Terabytes of data need to be gathered and crunched. Computer models need to be schemed out. Factor in the chemical interactions surrounding diseases and environmental exposures—subjects of much current study—that involve this or that epigenome, and the level of input becomes exponential. Because each person has a different makeup, and there are so many different epigenomes and chemicals in the body, the variations involved are almost literally endless—about 2 to the 20 millionth power, in fact. (And that only covers one species.) Boiling down the characteristics of an epigenome involves an approach to math that is still being discovered, though Feinberg and Rafael Irizarry, a professor of biostatistics at the Bloomberg School, among others around the world, have begun to tease it all out.

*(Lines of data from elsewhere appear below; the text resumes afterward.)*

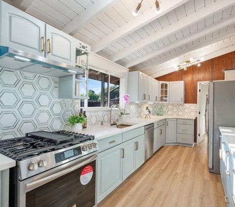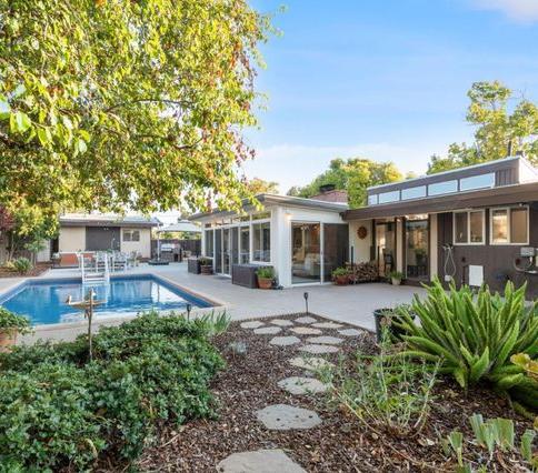 Beautifully reimagined single-story retreat in Sunnyvales coveted Ponderosa Park neighborhood Tucked away on a quiet cul-de-sac, this thoughtfully updated home blends timeless comfort with modern design and seamless indoor-outdoor living Inside, the open layout features soaring ceilings, fresh paint, new LVT flooring, and abundant natural light through Anderson windows and sliders A sunken living room and adjoining casual dining area connect to a granite-clad chefs kitchen with custom alderwood cabinetry, stainless appliances, and countertop seating. Beyond, a sunken family room offers updated lighting, a gas fireplace, and sliding doors to the landscaped backyard. The spa-inspired primary suite showcases a custom vanity and remodeled ensuite, while both baths feature stylish upgrades. A versatile multipurpose room with a built-in spa invites use as a gym, yoga studio, or retreat. CoHigh-quality heating and A/C, fresh exterior paint, and upgraded systems enhance comfort. Outdoors, a private backyard is ideal for entertaining, gardening, or play. All these moments from Apple,
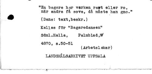 //// T //// "En bagare har verken ravt eller ro, //// när andra få sova, då måste han gno." //// * (Dans: text,beskr.) //// Kallas för "Bagaredansen" //// t //// Sdml.Halla, Palmblad,W //// *< //// 4870, s.50-51 //// (Arbetslekar) //// LANDSMÅLSARKIVET UPPSALA //// i //// * ////
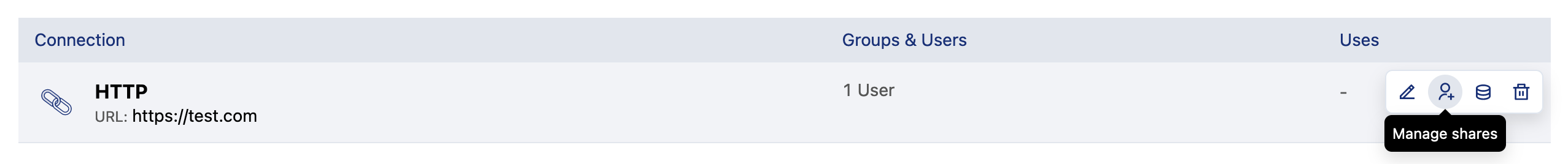 Pour partager une connexion enregistrée, survolez la connexion et cliquez sur l'icône Gérer les partages (la deuxième en partant de la gauche).
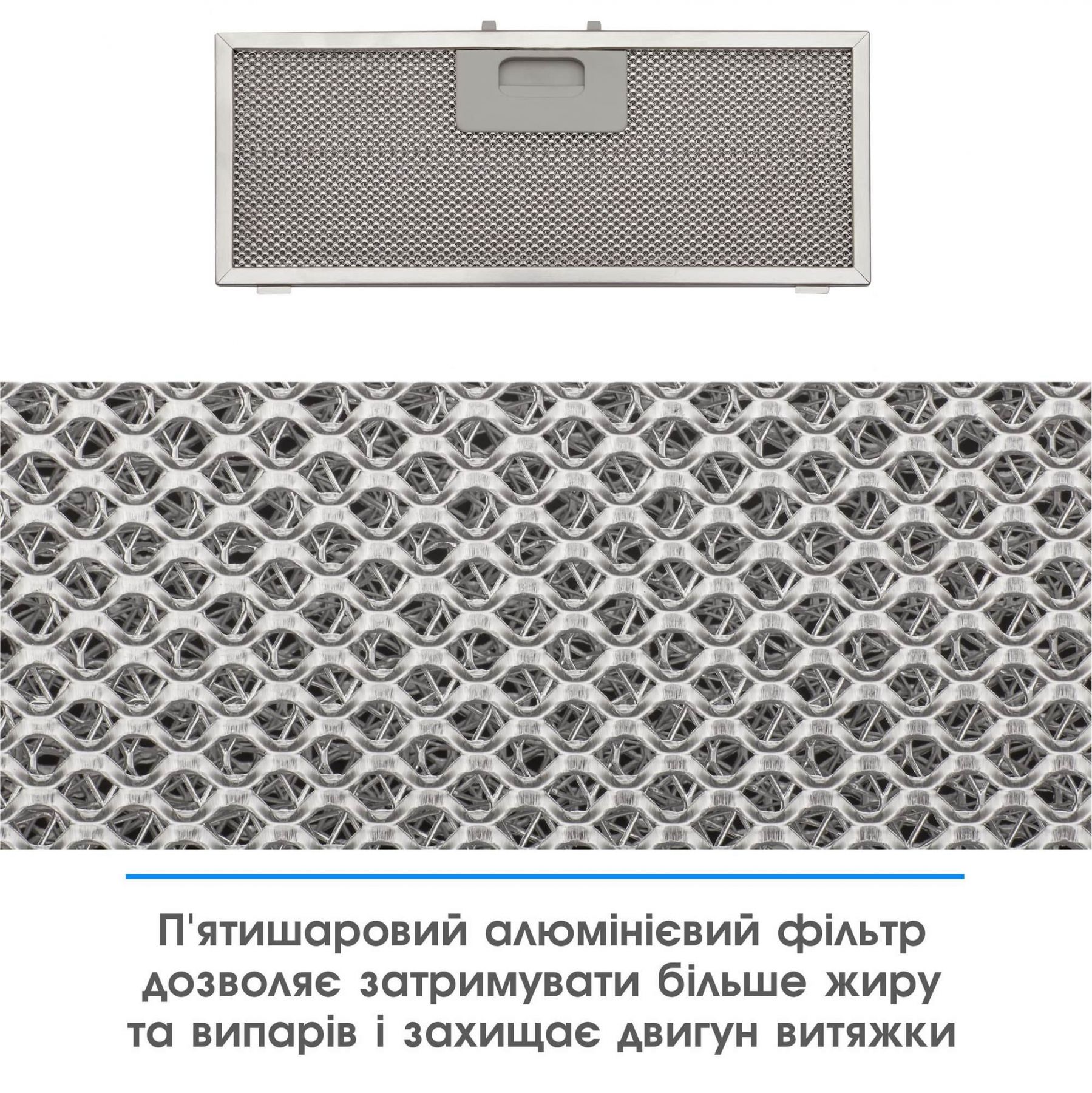 Надійний 5-шаровий алюмінієвий фільтр поглинає жир, бруд, дрібні сторонні частинки та захищає двигун витяжки. Для легкого очищення достатньо вийняти та помити в гарячій воді або посудомийній машині.
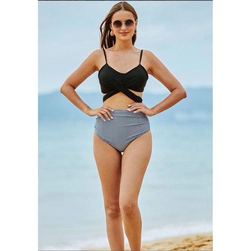 유럽과 미국의 뜨거운 소녀들을 위한 단색 스플릿 수영복, 섹시한 순수한 욕망 비키니, 국경 간 대외 무역 해변 휴가 레저 수영복
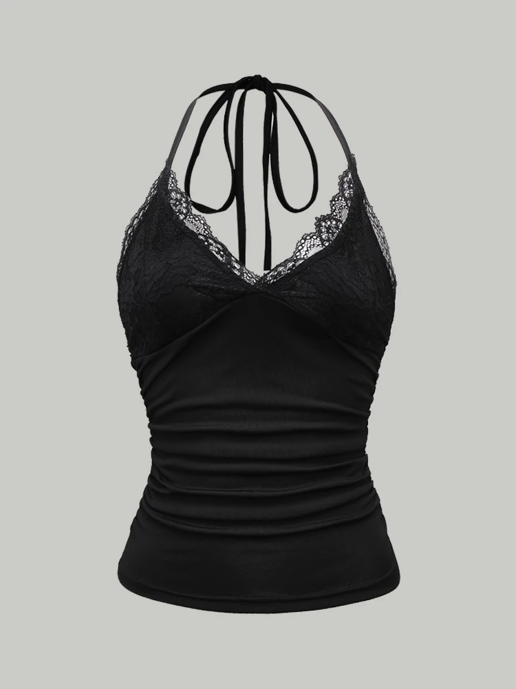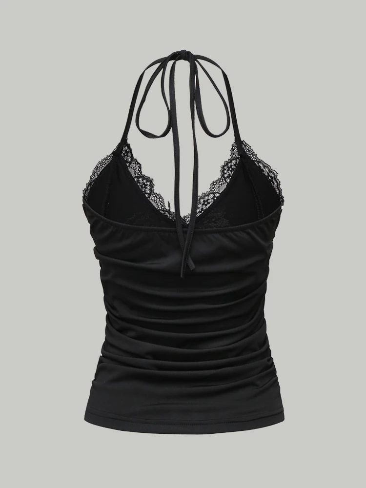 Sexy Lace V-neck Cropped Halter Tops For Women Summer 2025 Solid Color Casual Sleeveless Backless Ruched Tank Top Tee Shirt
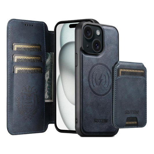 For iPhone 15 Suteni G5 Litchi Leather Magnetic MagSafe Phone Case(Brown)

Yet, Feinberg remains unbowed. His polymath's all-consuming gaze falls on such challenges, he says, and is perhaps genetically programmed. Feinberg's father, David, a science teacher who also enforced wage laws for the federal government, once had completed more than 300 college credits at Temple University, but had received no degree (something he later remedied). As he grew up in Harrisburg, Pennsylvania, young Andy also benefited from a heightened environment for learning and became an addict of it. When he turned 15, he gave talks to the American Association for the Advancement of Science. He edited his high school newspaper and bucked the prevailing political zeitgeist of the region that spawned Newt Gingrich by co-founding the Teenage Democrats of Dauphin County, working precincts and speaking up in debates.
Feinberg still loves being smart and expansive— for being able to figure out how things work and for being able to joyously tell anyone else about it. "He's interested in everything," says his wife, Isabelle Horon, director of vital statistics for the Maryland Department of Health and Mental Hygiene. She ticks off the couple's three adopted children, live theater, playing piano, scuba diving, singing bass in Yale University's men's chorus, and traveling as his passions. "He always wants to talk. Sometimes, you just have to shut him out," she says. But he is persistent: "When he finishes the New York Times crossword puzzle, he'll show it to me. I'll have to admire it and say, 'You're a smart boy.'"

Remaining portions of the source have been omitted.